━━━━━ Dataset records

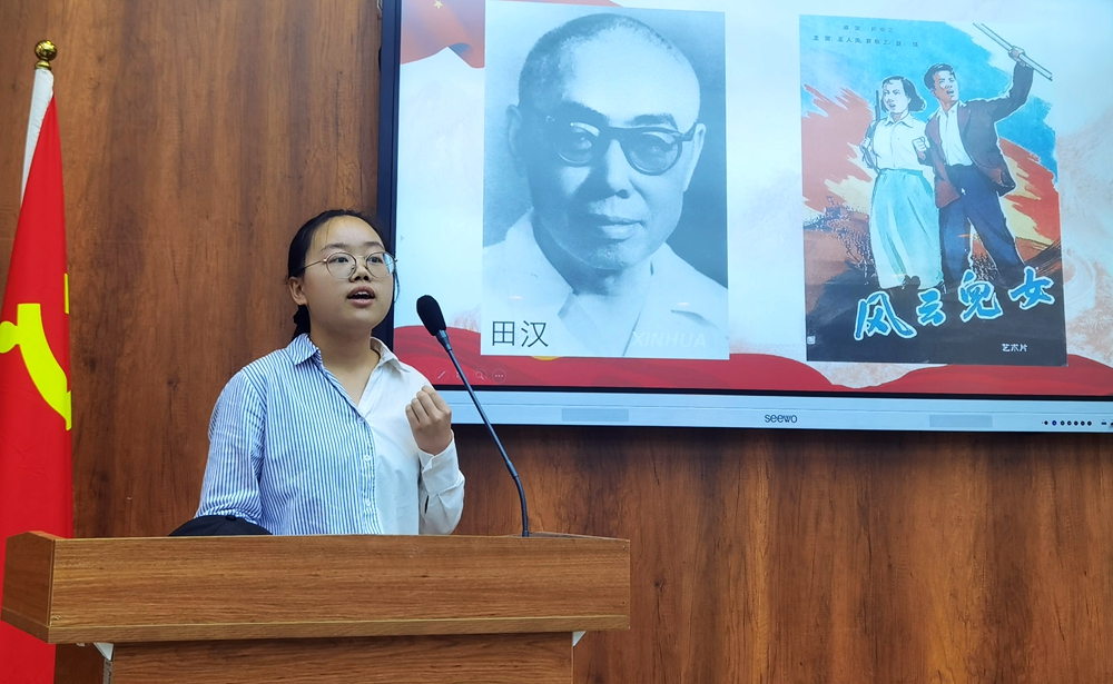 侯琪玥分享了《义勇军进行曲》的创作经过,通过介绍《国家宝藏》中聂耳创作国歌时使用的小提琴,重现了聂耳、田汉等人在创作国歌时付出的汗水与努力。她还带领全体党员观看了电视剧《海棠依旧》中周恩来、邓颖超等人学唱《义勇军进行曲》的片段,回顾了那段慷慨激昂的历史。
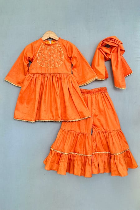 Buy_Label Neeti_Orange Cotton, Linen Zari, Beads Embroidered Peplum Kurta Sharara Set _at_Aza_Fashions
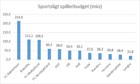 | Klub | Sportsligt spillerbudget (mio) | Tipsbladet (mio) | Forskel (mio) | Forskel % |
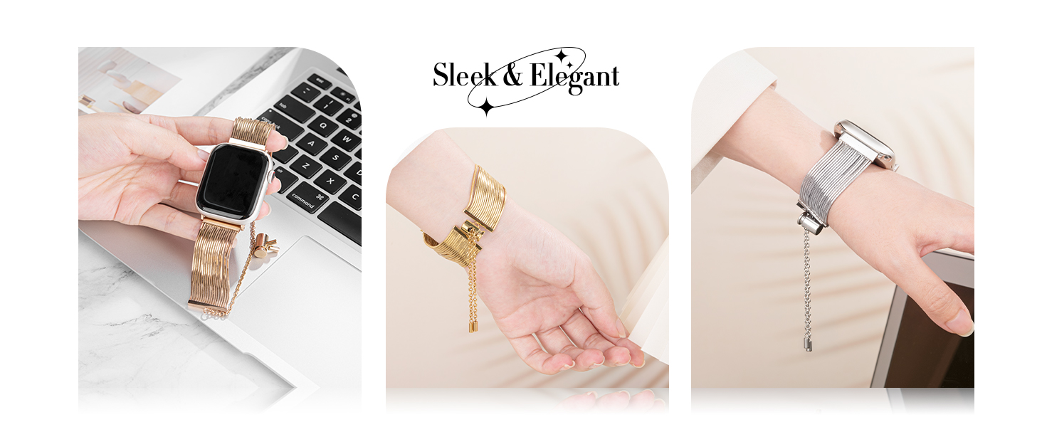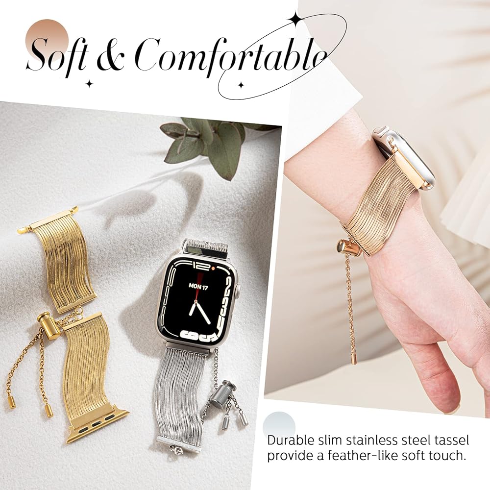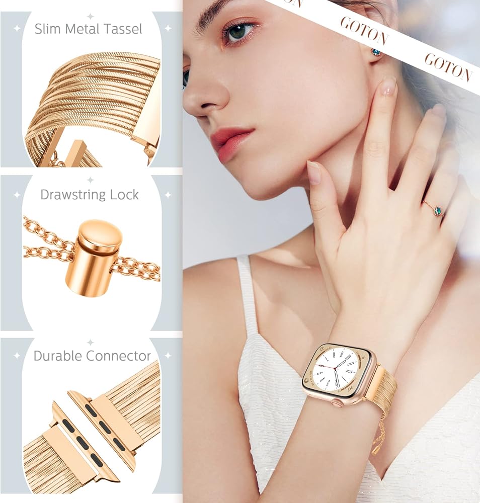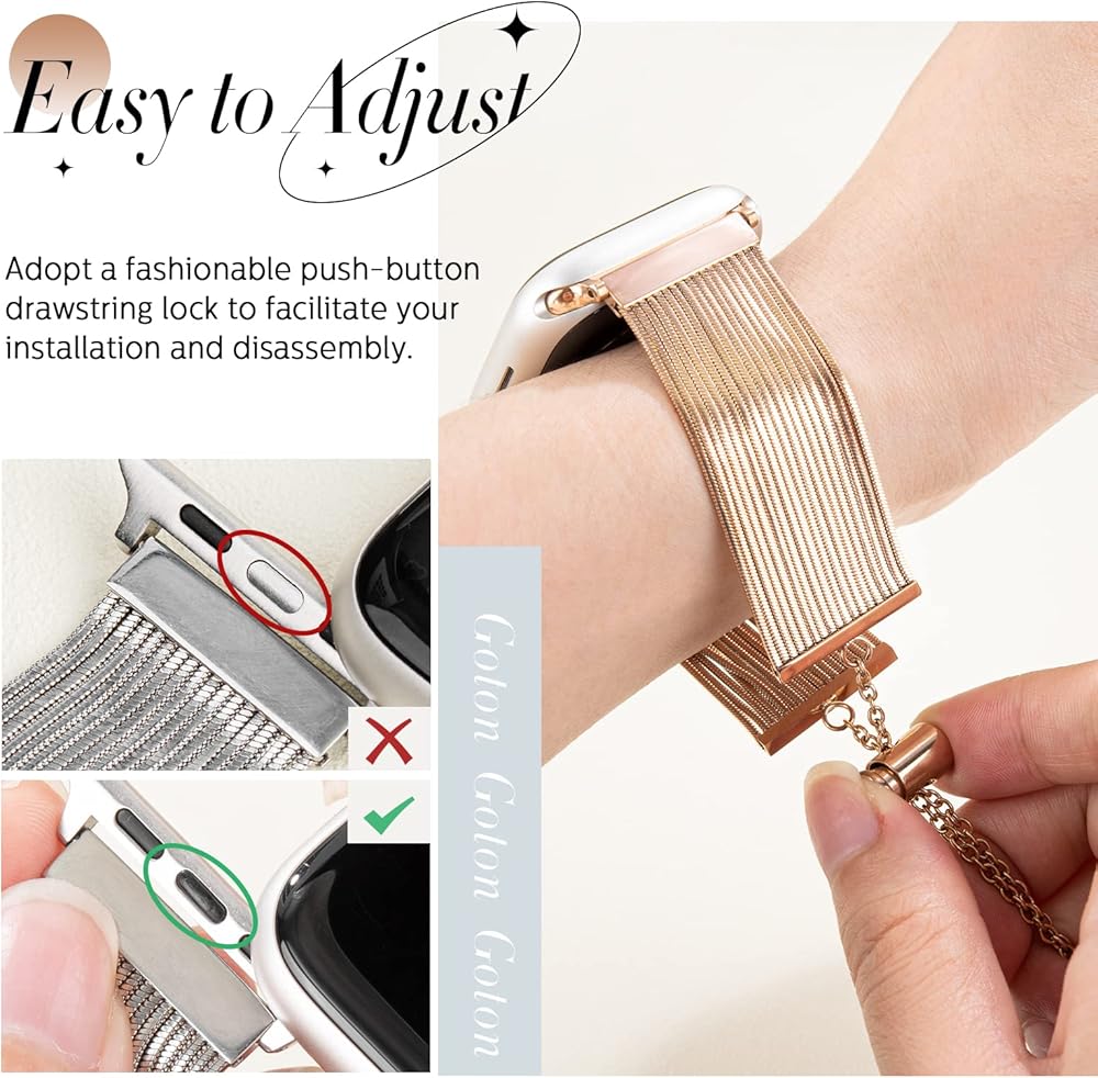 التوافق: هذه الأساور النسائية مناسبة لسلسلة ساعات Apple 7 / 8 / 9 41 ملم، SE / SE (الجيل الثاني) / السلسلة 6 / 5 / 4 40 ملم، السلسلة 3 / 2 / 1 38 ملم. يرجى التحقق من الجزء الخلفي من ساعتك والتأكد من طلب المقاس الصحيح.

━━━━━━━━━━
━━━━━ Dataset records

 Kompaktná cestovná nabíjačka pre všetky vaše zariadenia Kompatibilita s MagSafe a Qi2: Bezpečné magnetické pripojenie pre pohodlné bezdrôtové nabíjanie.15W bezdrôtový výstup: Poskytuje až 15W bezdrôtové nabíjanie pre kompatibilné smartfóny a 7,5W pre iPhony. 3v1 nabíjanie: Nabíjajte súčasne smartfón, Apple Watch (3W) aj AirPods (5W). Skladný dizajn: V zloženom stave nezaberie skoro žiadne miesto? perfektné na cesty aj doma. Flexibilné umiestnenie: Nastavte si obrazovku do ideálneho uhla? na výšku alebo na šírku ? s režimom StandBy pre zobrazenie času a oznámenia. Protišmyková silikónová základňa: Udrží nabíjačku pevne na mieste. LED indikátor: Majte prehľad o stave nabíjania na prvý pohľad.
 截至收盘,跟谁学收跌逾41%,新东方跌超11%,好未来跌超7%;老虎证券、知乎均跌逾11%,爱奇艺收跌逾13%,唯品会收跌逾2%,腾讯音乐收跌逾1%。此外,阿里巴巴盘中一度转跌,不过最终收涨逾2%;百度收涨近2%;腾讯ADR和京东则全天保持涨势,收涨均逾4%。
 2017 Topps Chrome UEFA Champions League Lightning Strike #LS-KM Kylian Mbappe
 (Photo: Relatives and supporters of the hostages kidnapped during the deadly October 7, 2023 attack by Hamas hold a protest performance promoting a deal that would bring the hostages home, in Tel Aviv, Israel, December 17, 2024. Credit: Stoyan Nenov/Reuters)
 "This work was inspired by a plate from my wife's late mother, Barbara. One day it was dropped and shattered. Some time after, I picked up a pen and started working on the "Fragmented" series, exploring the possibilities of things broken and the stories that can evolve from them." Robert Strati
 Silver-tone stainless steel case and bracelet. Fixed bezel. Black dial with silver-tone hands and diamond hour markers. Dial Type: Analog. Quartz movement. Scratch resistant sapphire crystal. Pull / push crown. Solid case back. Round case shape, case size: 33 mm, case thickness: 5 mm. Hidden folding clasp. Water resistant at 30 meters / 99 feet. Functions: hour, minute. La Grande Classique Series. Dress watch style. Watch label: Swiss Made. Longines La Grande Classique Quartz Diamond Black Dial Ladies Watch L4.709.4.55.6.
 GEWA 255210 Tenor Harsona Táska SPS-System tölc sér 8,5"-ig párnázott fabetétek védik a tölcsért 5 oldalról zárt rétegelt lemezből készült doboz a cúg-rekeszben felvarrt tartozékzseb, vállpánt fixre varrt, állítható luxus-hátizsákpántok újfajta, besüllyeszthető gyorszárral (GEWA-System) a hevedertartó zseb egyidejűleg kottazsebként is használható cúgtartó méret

━━━━━━━━━━
━━━━━ Dataset records

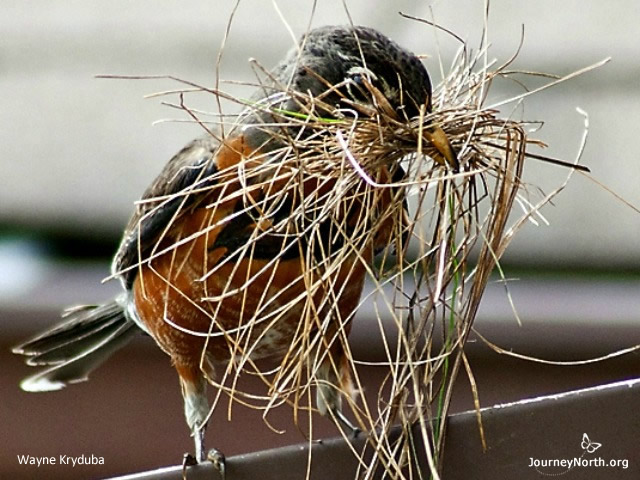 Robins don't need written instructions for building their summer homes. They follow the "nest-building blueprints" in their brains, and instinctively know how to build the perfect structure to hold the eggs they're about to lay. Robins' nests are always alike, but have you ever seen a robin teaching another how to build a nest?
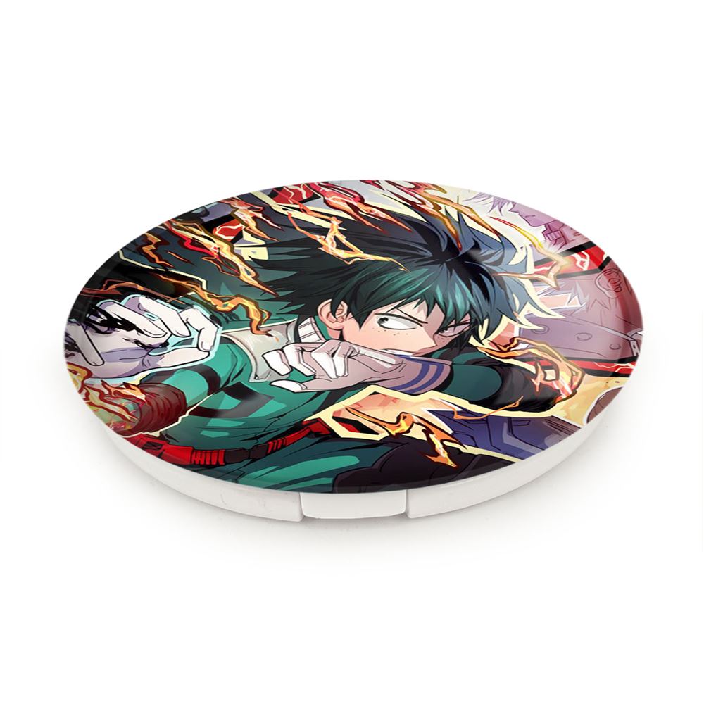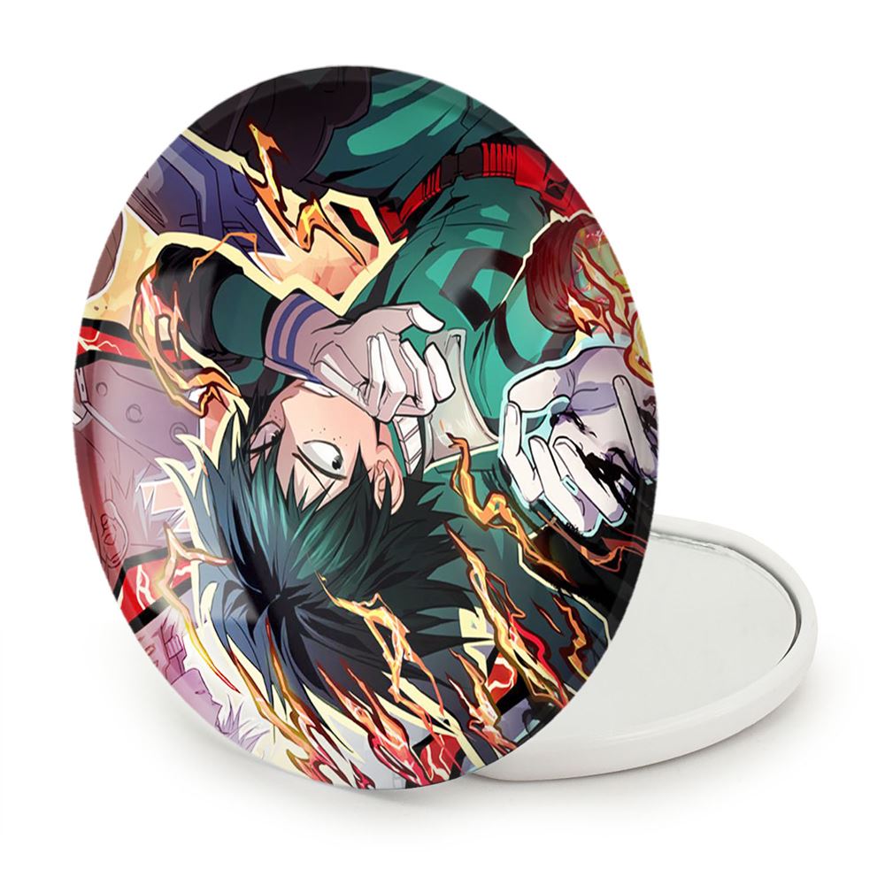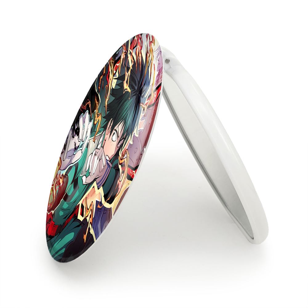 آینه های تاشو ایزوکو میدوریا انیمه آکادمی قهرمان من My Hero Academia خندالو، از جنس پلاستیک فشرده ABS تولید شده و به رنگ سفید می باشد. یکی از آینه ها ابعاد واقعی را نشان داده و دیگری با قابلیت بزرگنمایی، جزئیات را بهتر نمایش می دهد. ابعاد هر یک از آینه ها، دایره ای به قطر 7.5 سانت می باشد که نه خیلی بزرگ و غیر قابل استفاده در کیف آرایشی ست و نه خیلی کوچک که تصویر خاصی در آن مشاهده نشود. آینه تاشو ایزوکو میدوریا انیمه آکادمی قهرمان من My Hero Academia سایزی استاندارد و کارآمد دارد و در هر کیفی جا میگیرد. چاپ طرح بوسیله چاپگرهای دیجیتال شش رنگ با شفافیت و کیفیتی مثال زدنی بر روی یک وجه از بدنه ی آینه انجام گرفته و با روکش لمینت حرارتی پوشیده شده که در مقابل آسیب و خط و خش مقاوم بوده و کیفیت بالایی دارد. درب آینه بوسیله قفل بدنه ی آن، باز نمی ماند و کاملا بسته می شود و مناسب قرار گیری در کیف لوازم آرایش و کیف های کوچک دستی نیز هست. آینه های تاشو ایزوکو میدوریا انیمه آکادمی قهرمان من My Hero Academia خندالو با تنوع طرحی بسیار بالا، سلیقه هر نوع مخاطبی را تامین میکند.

━━━━━━━━━━

▸ **Try it**: Everything above from the line that has "Robins don't need" down to the line that has "را تامین میکند." should be output exactly, with both of those lines included. Leave the pictures behind.

▸ **Written answer**:
 Robins don't need written instructions for building their summer homes. They follow the "nest-building blueprints" in their brains, and instinctively know how to build the perfect structure to hold the eggs they're about to lay. Robins' nests are always alike, but have you ever seen a robin teaching another how to build a nest?
 آینه های تاشو ایزوکو میدوریا انیمه آکادمی قهرمان من My Hero Academia خندالو، از جنس پلاستیک فشرده ABS تولید شده و به رنگ سفید می باشد. یکی از آینه ها ابعاد واقعی را نشان داده و دیگری با قابلیت بزرگنمایی، جزئیات را بهتر نمایش می دهد. ابعاد هر یک از آینه ها، دایره ای به قطر 7.5 سانت می باشد که نه خیلی بزرگ و غیر قابل استفاده در کیف آرایشی ست و نه خیلی کوچک که تصویر خاصی در آن مشاهده نشود. آینه تاشو ایزوکو میدوریا انیمه آکادمی قهرمان من My Hero Academia سایزی استاندارد و کارآمد دارد و در هر کیفی جا میگیرد. چاپ طرح بوسیله چاپگرهای دیجیتال شش رنگ با شفافیت و کیفیتی مثال زدنی بر روی یک وجه از بدنه ی آینه انجام گرفته و با روکش لمینت حرارتی پوشیده شده که در مقابل آسیب و خط و خش مقاوم بوده و کیفیت بالایی دارد. درب آینه بوسیله قفل بدنه ی آن، باز نمی ماند و کاملا بسته می شود و مناسب قرار گیری در کیف لوازم آرایش و کیف های کوچک دستی نیز هست. آینه های تاشو ایزوکو میدوریا انیمه آکادمی قهرمان من My Hero Academia خندالو با تنوع طرحی بسیار بالا، سلیقه هر نوع مخاطبی را تامین میکند.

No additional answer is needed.